Chapitre 11

 

— Tu veux que je te dise ce que je ne comprends pas ?

Grégory, la tête inclinée, étudiait Ivy dans sa jupe courte en soie. Un sourire malicieux illumina son visage.

— Je ne comprends pas pourquoi tu ne portes jamais ta belle robe de demoiselle d’honneur.

Maggie leva les yeux de l’en-cas qu’elle avait préparé pour Andrew. Tout le monde était de sortie ce soir-là.

— Ce serait trop habillé pour l’auberge Durney, lança-t-elle. Cela dit, tu as raison, Grégory, il faudrait qu’Ivy ait une autre occasion de la mettre.

Ivy adressa un sourire bref à sa mère, puis fusilla Grégory du coin de l’œil. Lui souriait toujours. Une fois Maggie sortie de la cuisine, il ajouta :

— Tu es drôlement sexy ce soir.

Son ton était neutre, mais ses yeux s’attardèrent sur Ivy. Elle avait renoncé à chercher le sens de certaines de ses remarques, renoncé à savoir s’il lui faisait de vrais compliments ou s’il se moquait d’elle. Une grande partie de ce qu’il lui disait glissait sur elle désormais. Peut-être s’était-elle enfin habituée à lui.

« Plus ça va, plus tu lui trouves des excuses pour tout », lui avait reproché Tristan, lorsqu’elle lui avait raconté les événements du samedi soir.

De fait, Ivy était surtout furieuse contre Éric. Grégory avait refusé d’avouer sa complicité. Il s’était contenté de hausser les épaules en disant : « Éric est imprévisible. C’est ça que j’aime chez lui. »

Bien sûr, Ivy était en colère contre Grégory aussi. Toutefois, elle ne pouvait se départir dans son jugement de ce qu’elle voyait au quotidien. Depuis la mort de sa mère, il continuait à passer des heures absorbé dans ses pensées. Un jour, il lui avait demandé d’aller faire un tour en voiture avec lui, et ils étaient passés dans le quartier de sa mère. Ivy lui avait raconté qu’elle s’y était trouvée le soir de l’orage. Il avait cessé de lui parler et avait évité son regard jusqu’à leur retour chez eux.
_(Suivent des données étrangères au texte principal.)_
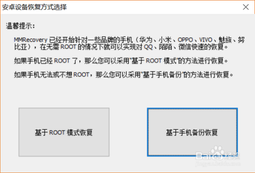 百度搜刮"MMRecovery官网"就可以找到,获得软件包后解压运行MMRecovery恢复东西, 如下图在右侧快捷恢复进口,点击“安卓微信恢复”按钮,将会弹出“安卓设备恢复体例选择”对话框,这里我们选择基于备份体例恢复。
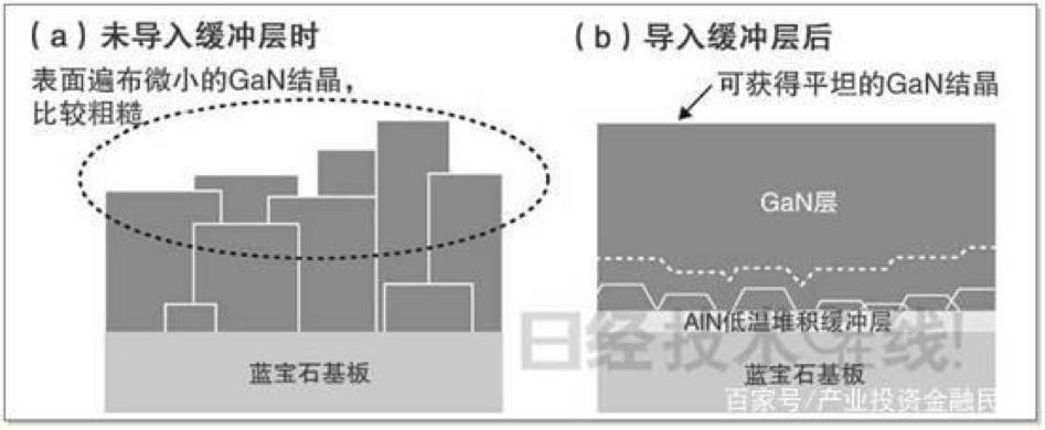 *导入缓冲层提高晶体品质。在蓝宝石基板上直接生长GaN时,会零散地生长一些微小晶体,因此GaN晶体的表面比较粗糙(a)。通过在蓝宝石基板与GaN晶体之间设置“低温堆积缓冲层”,便可获得平坦的GaN晶体(b)
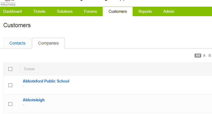 The Customers > Companies school data allows you to search for a school name or school code in Freshdesk to easily find the corresponding school code or school name.
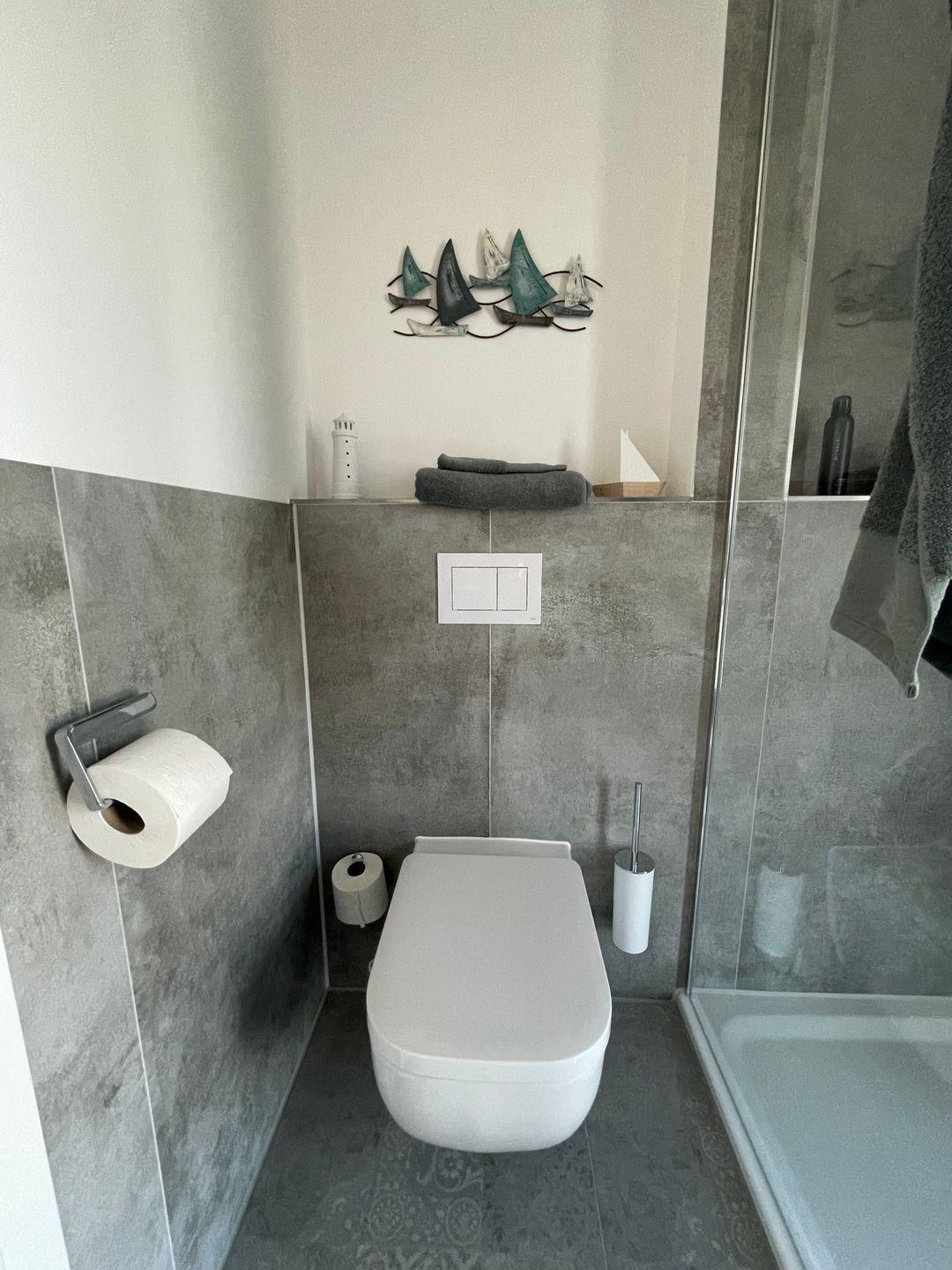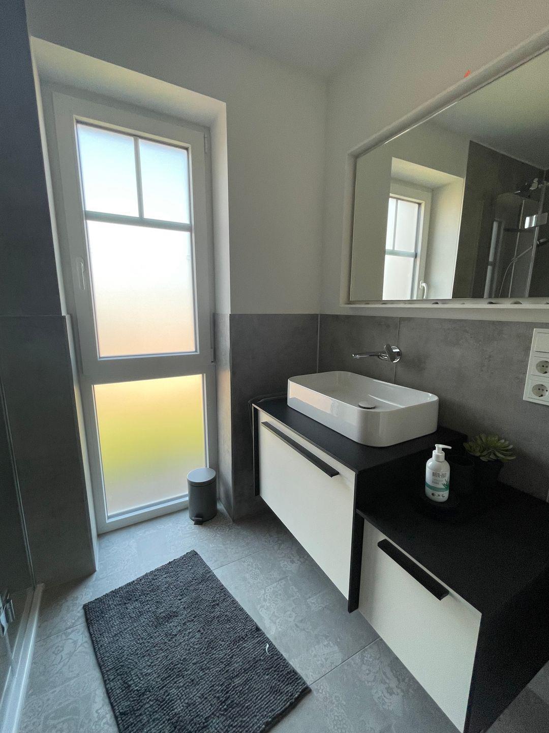 Das Bad ist klein, aber fein. Es verfügt über eine großzügige bodengleiche Dusche mit Glasabtrennung und einem schönen Design Waschtischmöbel sowie einem WC. Ebenfalls dort vorhanden ist ein Waschtrockner und ein Fön.

« Il faudrait que j’aie un cœur de pierre pour ne pas avoir de sentiments pour lui », avait-elle expliqué à Tristan en conclusion de leur discussion sur Grégory.

Les deux garçons faisaient en sorte de s’éviter.

Ce soir-là, comme à son habitude, Grégory disparut dès que la voiture de Tristan arriva.

Celui-ci venait toujours de bonne heure pour avoir le temps de faire une partie de cartes de base-ball avec Philip. Ivy remarqua avec quelque satisfaction qu’il ne parvenait pas à se concentrer, bien que son équipe, censée recevoir celle de Philip, perde de deux points.

Ils en étaient à la troisième manche des finales et Don Mattingly était à la batte. L’équipe de Tristan avait perdu sa deuxième base, car son lanceur avait fait l’erreur de glisser un coup d’œil vers Ivy.

Lorsque Tristan oublia pour la troisième fois le nombre de retraits qu’il y avait eu, Philip, rageur, se leva et s’en alla appeler Sammy. Ivy et Tristan profitèrent de l’occasion pour s’éclipser. Pendant qu’ils se dirigeaient vers la voiture, Ivy remarqua que Tristan était d’un calme inhabituel.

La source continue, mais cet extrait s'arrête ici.